My response came up right away, but it took me a few moments to say it aloud. “Parenting opens up the biggest space in my heart.”
This space is filled by the vulnerability of… Parenting and longing to be a parent. All the heartaches and griefs entangled with parenting. The losses and anxieties of the past 30 months of parenting. Lingering or overwhelming childhood experiences. And so much more than can be captured in words.
The work of constructing a new theology of child well-being is not for some generic group of children, it is for all of us.
A Youth Journal and Adult Listening Guide
Previously I took seminary students to the CDF’s Proctor Institute at Haley Farm. Out of that rich and thought-provoking experience, students created an excellent project. They listened to some teenagers in their own congregations and families. Then they created a journal of questions for teens and a listening guide for adults. Here is what we said in a post about the project last year.
We need some practical strategies. We need watchwords to keep at the top of mind. Especially if we want to survive [the holidays] without regret or remorse. And if we want our children to see our better angels.
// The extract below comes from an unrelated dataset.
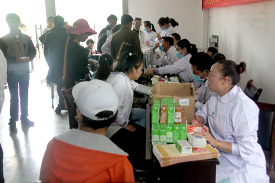 義診活動剛開始,義診臺就被圍個(gè)水泄不通,此外,黨支部的醫(yī)務(wù)人員們?yōu)榈群驒z查的殘疾人發(fā)放有愛心早餐及日常用品等。義診過程中,醫(yī)務(wù)人員分工協(xié)作,井然有序地為前來義診的殘疾人量血壓、測血糖、聽心率等,同時(shí)認(rèn)真問詢并聽取他們講述自己的病癥,為一些需要服藥的殘疾人開具處方和免費(fèi)發(fā)放藥品,并一一介紹藥品的服用方法、劑量等,也為一些長期服藥的殘疾人調(diào)整了治療方案,更耐心提醒他們要注意養(yǎng)成健康的生活方式,向他們宣傳健康保健知識。

We don’t have a comprehensive list, but we do offer one solid suggestion: listen.
That’s it. Listen to each other. Go slowly enough through your days and through the whole holiday break that you actually take time to hear each other. Listening to children and teenagers can be an enormous challenge for adults under stress. Sometimes we need simple reminders to give attention to what really matters.
My hope and prayer for you as you continue navigating a new era of ministry, is that these resources will support both ministers caring for children and the work of pandemic parenting, which did not end with vaccines or a return to face-to-face school. May our Dear Mama God surround you with love and care and guide you in the sacred work of caring for and listening to children.
[i] Corey Turner, “6 things we’ve learned about how the pandemic disrupted learning” on National Public Radio’s “All Things Considered” (June 6, 2022).